Bitcoin (BTC) has been under significant selling pressure in February, reflecting broader market anxieties driven by economic headwinds, tariff tensions, and geopolitical risks.
Data provided by TradingView shows that King Crypto is now down more than 48% from its October all-time high, trading near $65,500 after dipping below $63,000 earlier in the trading session.

BTC/USD 1-day chart
Its price has recovered slightly from the recent low of $90,000 set on February 6th, but it has a lot of work to do before it gets back to its winning ways and helps lift sentiment in the crypto market, which is currently registered as an 11 on the Fear & Greed Index, putting it in Extreme Fear territory.
And things could get worse before they get better, with prediction markets pricing a 42% chance of Bitcoin falling below $60,000 before February ends, amid accelerating capital outflows. Traders are eyeing support clusters in the low $60,000s as a potential bounce zone, but a break lower could target $50,000 or even $47,000 based on historical volume nodes.
Zooming out to the macro picture, this downturn aligns with a broader risk-off environment, where U.S. stocks and other cryptos have also faced pressure, exacerbating Bitcoin's beta-driven moves.
As for when the crypto winter will end, analyst projections vary, but many suggest the downturn is in its later stages, with a potential bottom forming soon.
Among the more hopeful are Compass Point analysts, who indicate the crypto bear is in its "final innings," forecasting a floor between $60,000 and $68,000, supported by long-term buying. Bernstein also maintains a bullish long-term view, calling the current selloff the "weakest bear case in history" and reaffirming a $150,000 target by end-2026.
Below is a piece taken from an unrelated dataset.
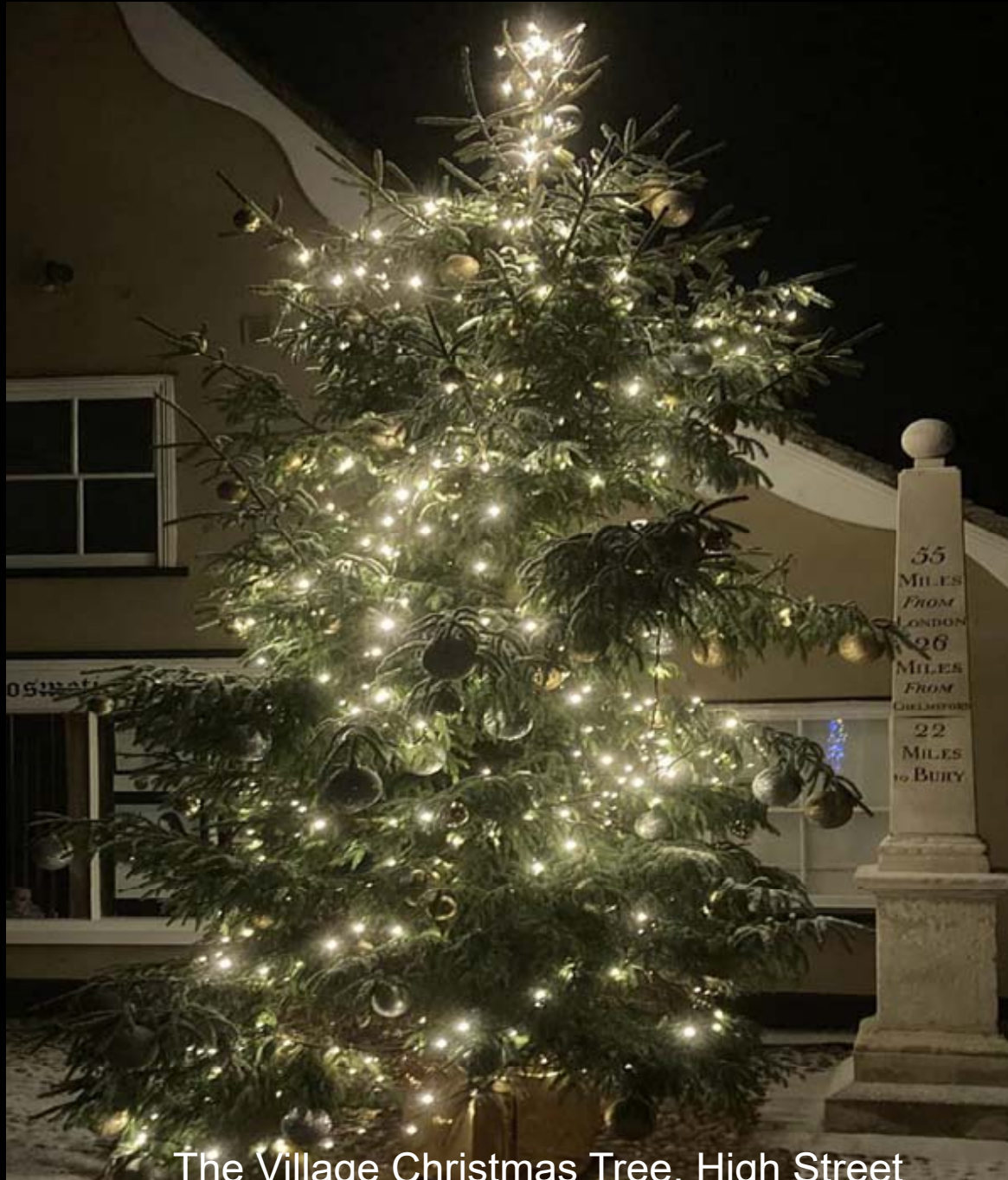
The Village Christmas Tree, High Street

How many extra large baubles are on the tree? There are 58 15cm balls on the tree

However, more conservative voices, like Benjamin Cowen, warn that any near-term bounce may be temporary, with the cycle potentially not bottoming until October 2026. Others anticipate a prolonged stagnation until Q3 2026, though holding above $60,000 could signal a Wyckoff-style accumulation phase leading to upside in Q2.
Overall, while short-term risks persist, institutional inflows and historical patterns point to recovery by late 2026, potentially driven by easing macro conditions. At the time of writing, Bitcoin trades at $65,458, a decline of 3.3% on the 7-day chart.
Canton: A Beacon of Institutional Strength in the Crypto Winter
Amid the red across the market, the Canton Network (CC) has emerged as a resilient player. Directly appealing to the Wall Street crowd, Canton is designed as a privacy-enabled Layer 1 blockchain for institutional finance and real-world asset (RWA) tokenization.
Launched in May 2023 by Digital Asset Holdings and a consortium of banks, Canton enables secure, interoperable connections across financial systems while preserving data privacy through configurable controls. Its native utility token, CC (Canton Coin), powers network fees, rewards stakeholders for real usage, and aligns incentives for builders, users, and operators via a "burn-mint equilibrium" model that burns ~2.5 billion tokens annually.
While the broader market has been in freefall, CC has held up strongly, continuing to trade near $0.16 after hitting an all-time high of $0.195 on February 3rd.

CC/USD 1-day chart
The chart shows that Canton has demonstrated resilience, outperforming the market with a $6.1 billion market cap, ranking 14th among cryptos, and daily volumes exceeding $8 million.
The support for the CC price has largely been driven by institutional demand and deflationary burns, with 15 million tokens destroyed daily, equating to 14% of its market cap annually. The platform boasts institutional-grade features that are luring big money on-chain, including privacy for regulated entities, seamless RWA integration, and partnerships that bridge TradFi and blockchain.
Key collaborations include DTCC's initiative to tokenize DTC-custodied U.S. Treasury securities on Canton, enabling on-chain liquidity for over $100 trillion in assets, with an MVP planned for H1 2026. JPMorgan is also involved in the project, deploying its JPM Coin on the network and extending institutional payments.
In total, Canton is backed by over 600 institutions – including Goldman Sachs, BNP Paribas, and BNY Mellon – and manages $6 trillion in tokenized assets. It is positioned for exponential growth in a $10 trillion RWA market by 2030, as the tokenization revolution heats up.
Overall, CC’s focus on real utility insulates it from retail-driven crashes, making it a strong, defensive pick for portfolios eyeing long-term TradFi adoption. At the time of writing, CC trades at $0.162, a decrease of 2.5% on the 7-day chart.